§ Supplied material:
══════════════════════════════
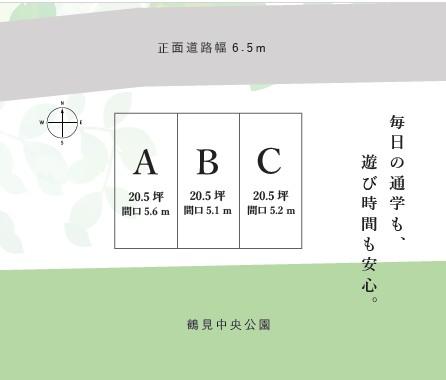 大阪市内で希少な、幅員6.5mの広々とした前面道路。 運転に不慣れな方でも落ち着いて車庫入れが可能です。 南側公園につき陽当り良好。鶴見南小徒歩3分と、住環境も整った限定3区画です。
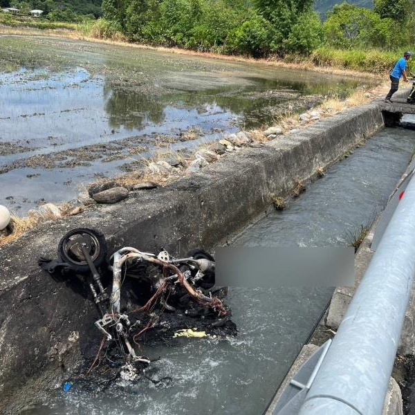 女騎機車越對向車道 掉深排水溝竟自己燒起來
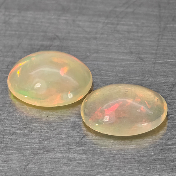Natural Multi Color Play Of Colour Opal 0.88 Ct. 2 Pcs Oval Cabochon Shape Gemstones From Ethiopia
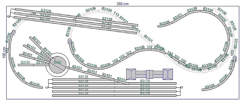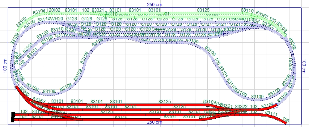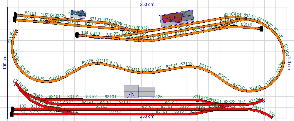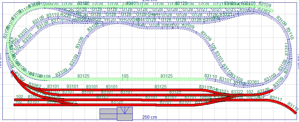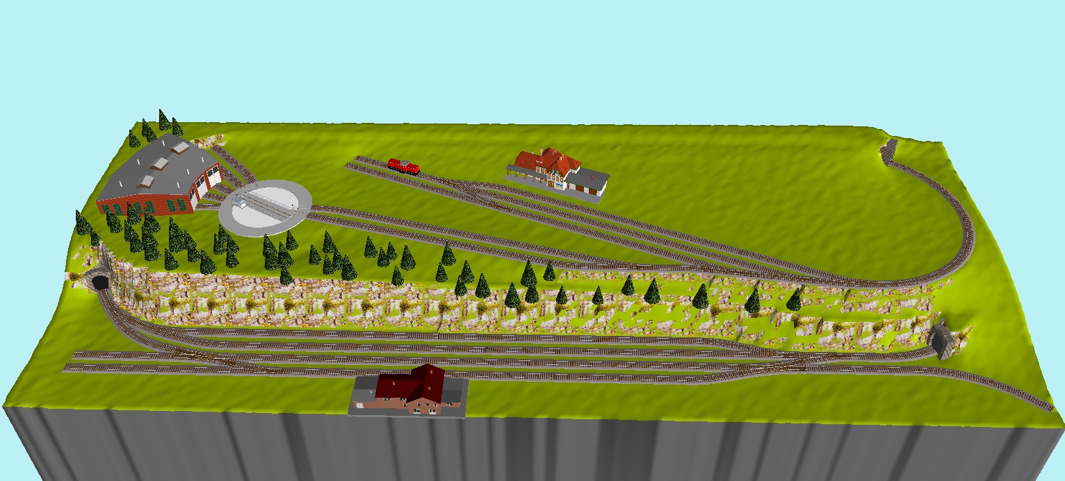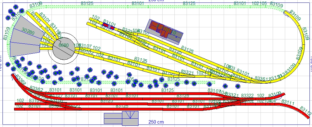 Jinak k tvému kolejišti. Myslím si, že největší slabinou tvého návrhu je velmi krátká viditelná trať. Původně jsem to měl navrženo podobně jako ty. Naštěstí díky Milanovi Ferdiánovi a jeho návrhu jsem dospěl k jiné podobě uspořádání tratě. Ono totiž pozorovat lokálku, jak se šplhá do koncové staničky je stejně krásné, jako šibovat s vlaky v nádraží. Zkusil bych to ještě nějak pozměnit. Škoda, že jsi neuvedl, jak plánuješ skrytou část, zda plánuješ jedno nebo více pater a zda tam máš v plánu vratné smyčky nebo ne.
══════════════════════════════
§ About this exercise: The expected output is the whole listing, word for word, minus its pictures.

§ Answer for this exercise:
 大阪市内で希少な、幅員6.5mの広々とした前面道路。 運転に不慣れな方でも落ち着いて車庫入れが可能です。 南側公園につき陽当り良好。鶴見南小徒歩3分と、住環境も整った限定3区画です。
 女騎機車越對向車道 掉深排水溝竟自己燒起來
Natural Multi Color Play Of Colour Opal 0.88 Ct. 2 Pcs Oval Cabochon Shape Gemstones From Ethiopia
 Jinak k tvému kolejišti. Myslím si, že největší slabinou tvého návrhu je velmi krátká viditelná trať. Původně jsem to měl navrženo podobně jako ty. Naštěstí díky Milanovi Ferdiánovi a jeho návrhu jsem dospěl k jiné podobě uspořádání tratě. Ono totiž pozorovat lokálku, jak se šplhá do koncové staničky je stejně krásné, jako šibovat s vlaky v nádraží. Zkusil bych to ještě nějak pozměnit. Škoda, že jsi neuvedl, jak plánuješ skrytou část, zda plánuješ jedno nebo více pater a zda tam máš v plánu vratné smyčky nebo ne.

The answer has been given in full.